Try to persuade them, and act even against their will, whenever the principle of justice leads you to do so. But if someone forcefully resists you, change your approach to acceptance and don’t feel hurt, and use the setback to express another virtue. Remember too that your motive was formed with reservation and that you were not aiming at the impossible. At what then? A motive formed with reservation. But you have achieved this; what we proposed to ourselves is actually happening.

– Marcus Aurelius, Meditations 6.50

At first glance, the Stoics’ approach to the good life seems to recommend an attitude of resignation and helplessness in the face of obstacles outside our direct control. In a letter to his friend Lucilius, Seneca anticipates this criticism: “Come now,” he asks, “do I really give you the impression that I advocate a life of inactivity?” (Letter 8). The Stoics were actually among the most activist philosophers in the ancient world. Seneca was deeply involved in the politics of Imperial Rome. Epictetus, who was born a slave, managed to secure his freedom and set up his own school. And Marcus Aurelius of course had significant responsibilities during the almost 20 years of his reign as Roman Emperor. But how do the Stoics justify such civic engagement, given their views on accepting fate and focusing only on whats under our control?
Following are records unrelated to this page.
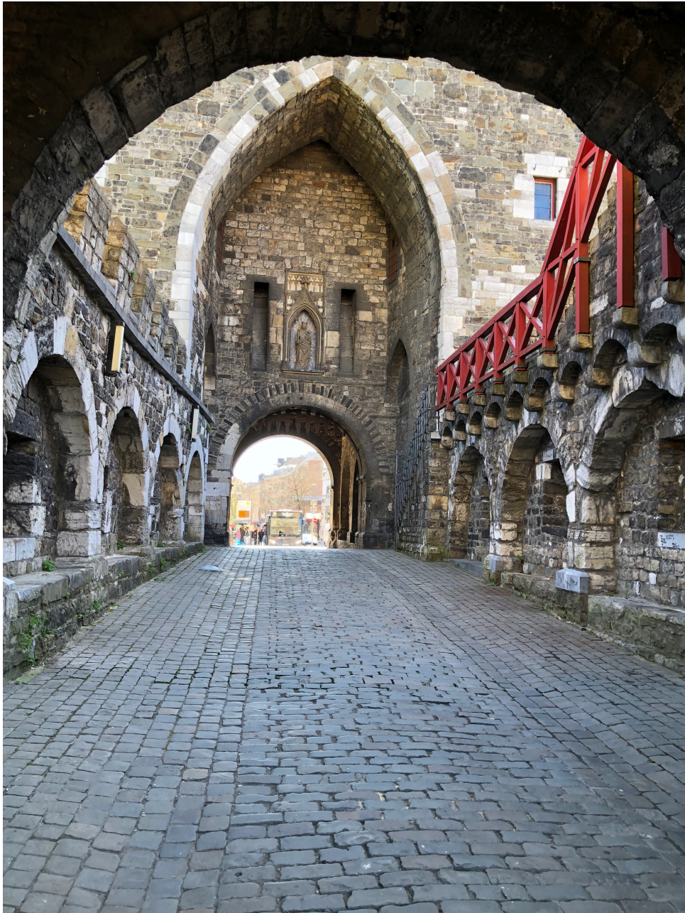
Looking through the Ponttor.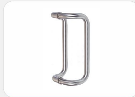
Glass Door Handle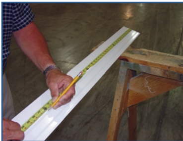
2. Measure door jamb & transfer dimensions to cladding.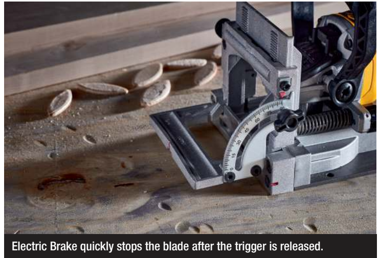
Electric Brake quickly stops the blade after the trigger is released.

RETRACTABLE ANTI-SLIP PINS Helps hold material in place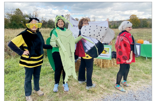
Rutgers Master Gardeners of Mercer represented the "good" and "bad" insects that are found in gardens.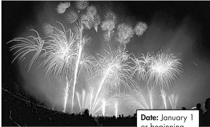
Fireworks are part of many New Years celebrations.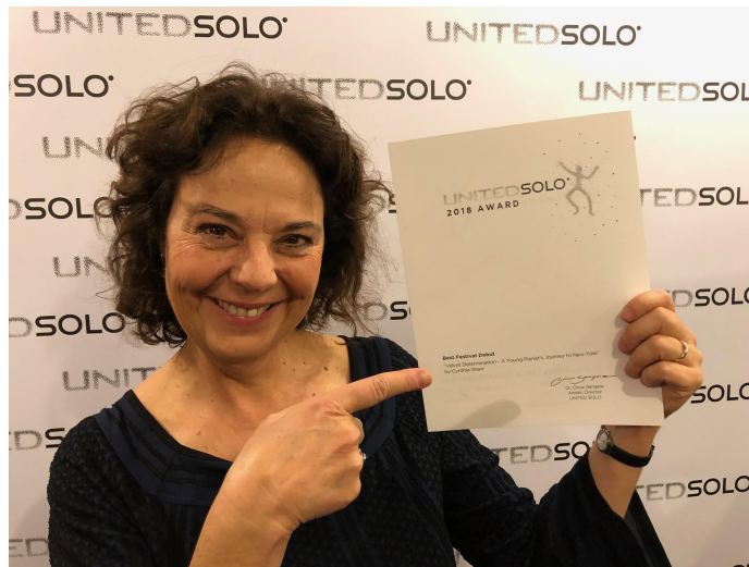
2018 United Solo Festival “Best Festival Debut”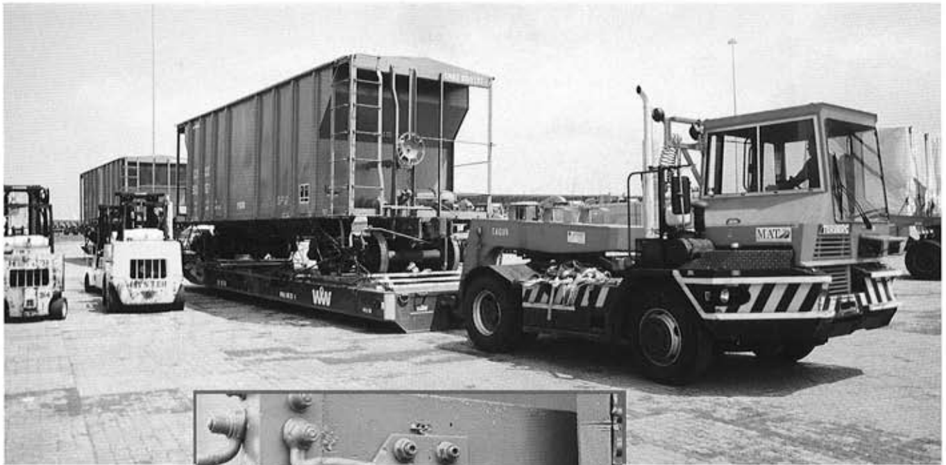
Fourteen rail cars were shipped to Australia in June.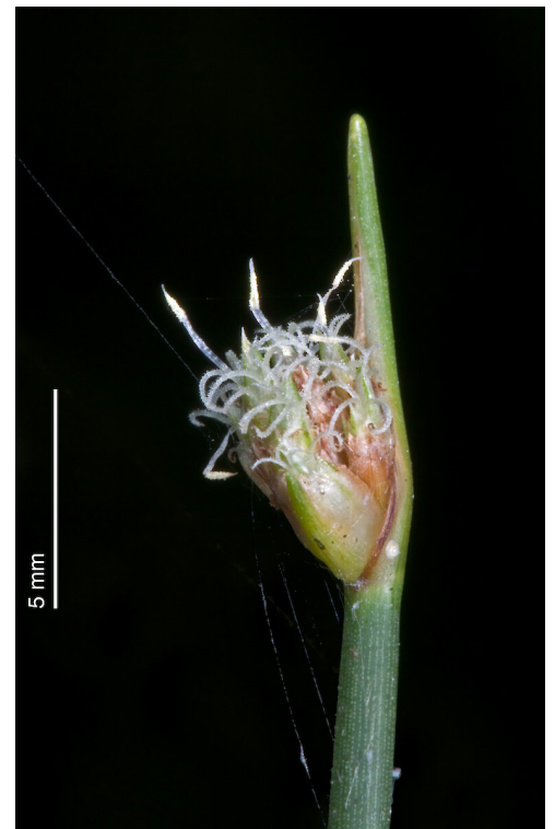
Flowering spikelet. Maungaraho Rock.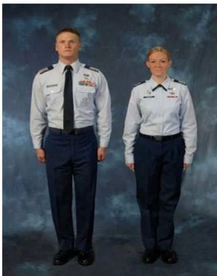
Figure 9.4. Service Uniform.

9.8.12.6.5. Boonie Hat. Only worn as authorized for summer programs in field training areas. May not be worn at any time on the Terrazzo. Use of “shemagh” or field scarf is authorized for wear by Combat Survival Training (CST) and Special Warfare (SW) cadets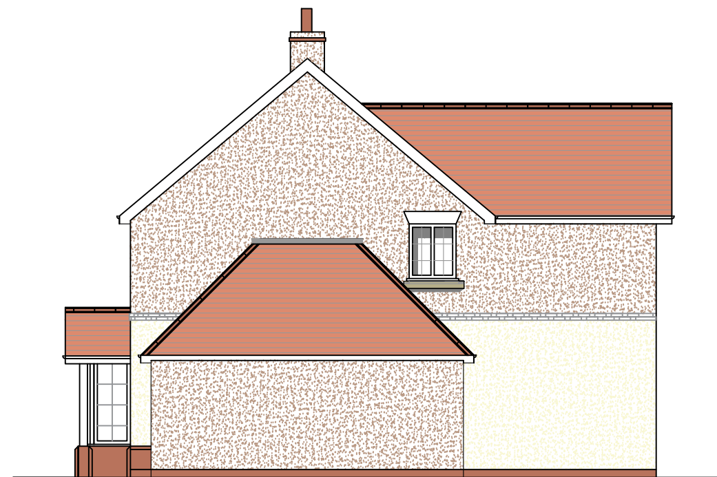
4 The Westbury V1 Side Elevation D 1:100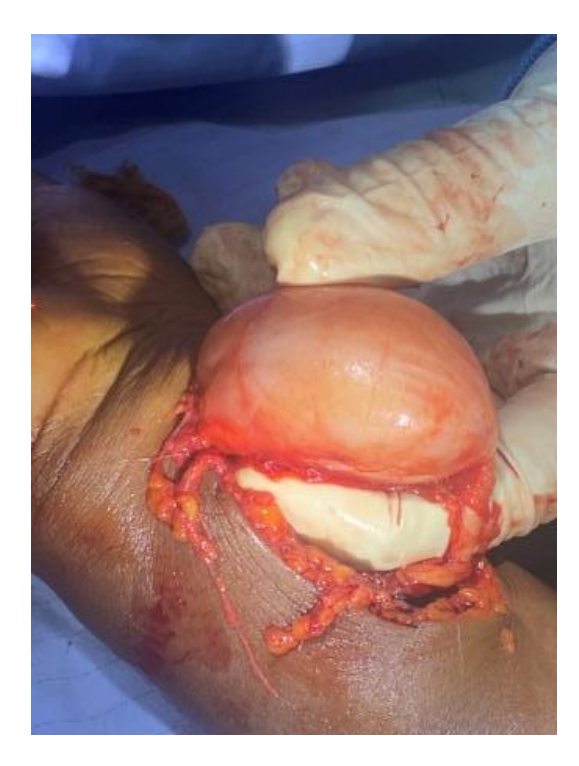
Figure 3. Showing intraneural locations of the tumour and nerve fascicles overlying it

location with nerve fascicles overlying it [Figure 3]. This corresponds to a type 3 tumour. The tumour was enucleated by a longitudinal incision between nerve fascicle visible to the ordinary eyes [Figures 4 & 5]. The nerve sheath was repaired and dead space obliterated and wound closed without repairing subcutaneous fascia.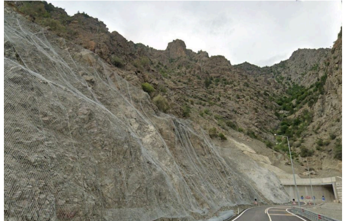
During the construction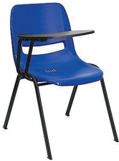
MODEL : SFH-CC-01-158

In fact, a closer inspection of the Stoics’ ethical views shows a notable emphasis on the need to effect change in the world, even among things over which we have no control. Their retreat to the internal space of the mind and how we respond to events does not entail a retreat from the external world altogether. Focusing on things within our control, particularly our intentions, allows for the development of motives directed at things outside our control—so long as these motives are formed “with reservation,” as the Stoics put it, and the acknowledgement that we don’t ultimately have power over how things turn out.
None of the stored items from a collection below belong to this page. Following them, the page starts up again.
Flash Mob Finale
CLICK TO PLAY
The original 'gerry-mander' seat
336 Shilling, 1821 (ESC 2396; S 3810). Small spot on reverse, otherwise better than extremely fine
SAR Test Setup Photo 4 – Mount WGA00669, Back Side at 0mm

What the Stoics stand against are attachments to outcomes that provoke unhealthy emotions (like anger or despair) when we fail to achieve a desired result. In the passage above, Marcus says that forming such attachments involves “aiming at the impossible.” When we form a motive with reservation, by contrast, we do so with the understanding that our efforts may not succeed. If our efforts do succeed, we should accept the result graciously. If they do not, we can still carry on.

Today's Exercise

Yesterday you examined the difference between things within your control and things outside your control, and you may have been surprised at how many things fell into the second category. For your exercise today, try out the Stoic technique of “wishing with reservation.” Throughout the day, but especially when you see that achieving something you want lies outside of your control, approach the situation with a “reserve clause” by saying to yourself: “I will achieve this, if nothing prevents it.”
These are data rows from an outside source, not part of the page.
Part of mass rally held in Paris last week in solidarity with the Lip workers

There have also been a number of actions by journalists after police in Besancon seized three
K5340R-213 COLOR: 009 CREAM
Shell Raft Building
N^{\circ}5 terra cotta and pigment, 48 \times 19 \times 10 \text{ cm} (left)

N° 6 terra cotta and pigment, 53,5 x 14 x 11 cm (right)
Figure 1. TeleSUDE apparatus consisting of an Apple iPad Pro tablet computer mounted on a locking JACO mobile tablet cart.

Consider whether this shift in focus from the outcome of a situation to your expectations changes your view of the obstacles in your path. Consider also whether it changes your view of the outcome itself. Wishing with reservation requires accepting how things are or how they’ve turned out and carrying on with equanimity. It requires knowing how to adapt to a difficult situation, determining what you can still do, and recalibrating your efforts given the circumstances. In the event that you’re prevented from achieving what you wish today, can you “use the setback to express another virtue,” as suggested in the morning quote above?